## Assigned task
Excluding any images, copy all of the lines below precisely as written.

## Data extract
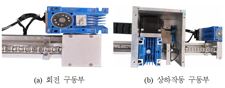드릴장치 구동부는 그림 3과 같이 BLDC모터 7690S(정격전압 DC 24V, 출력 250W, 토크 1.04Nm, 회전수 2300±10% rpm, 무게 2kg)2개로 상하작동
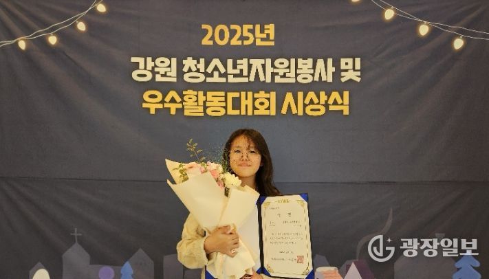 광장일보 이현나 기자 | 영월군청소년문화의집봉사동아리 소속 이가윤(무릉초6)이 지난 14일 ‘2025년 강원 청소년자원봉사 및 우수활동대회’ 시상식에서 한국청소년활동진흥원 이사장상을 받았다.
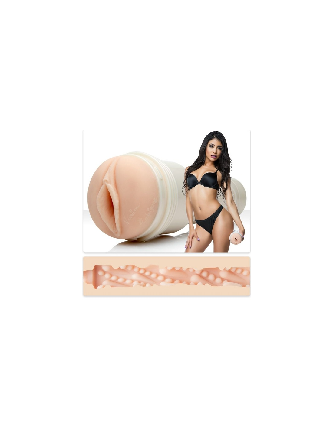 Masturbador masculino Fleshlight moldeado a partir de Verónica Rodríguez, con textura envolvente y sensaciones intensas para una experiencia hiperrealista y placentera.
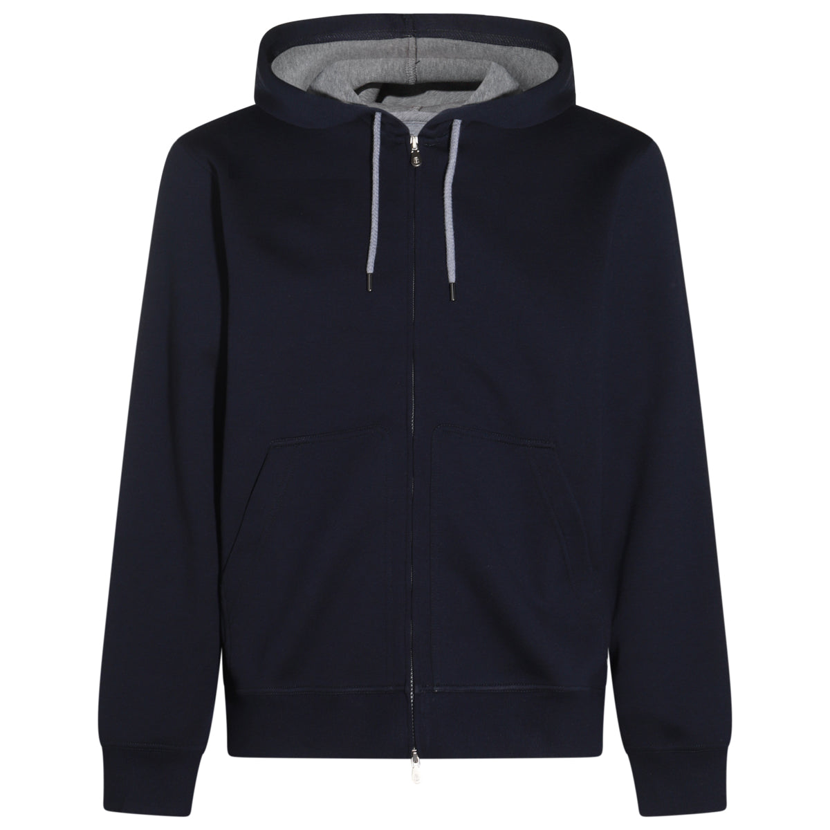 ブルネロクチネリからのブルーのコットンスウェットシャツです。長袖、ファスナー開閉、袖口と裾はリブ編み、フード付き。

## Answer to the exercise
드릴장치 구동부는 그림 3과 같이 BLDC모터 7690S(정격전압 DC 24V, 출력 250W, 토크 1.04Nm, 회전수 2300±10% rpm, 무게 2kg)2개로 상하작동
 광장일보 이현나 기자 | 영월군청소년문화의집봉사동아리 소속 이가윤(무릉초6)이 지난 14일 ‘2025년 강원 청소년자원봉사 및 우수활동대회’ 시상식에서 한국청소년활동진흥원 이사장상을 받았다.
 Masturbador masculino Fleshlight moldeado a partir de Verónica Rodríguez, con textura envolvente y sensaciones intensas para una experiencia hiperrealista y placentera.
 ブルネロクチネリからのブルーのコットンスウェットシャツです。長袖、ファスナー開閉、袖口と裾はリブ編み、フード付き。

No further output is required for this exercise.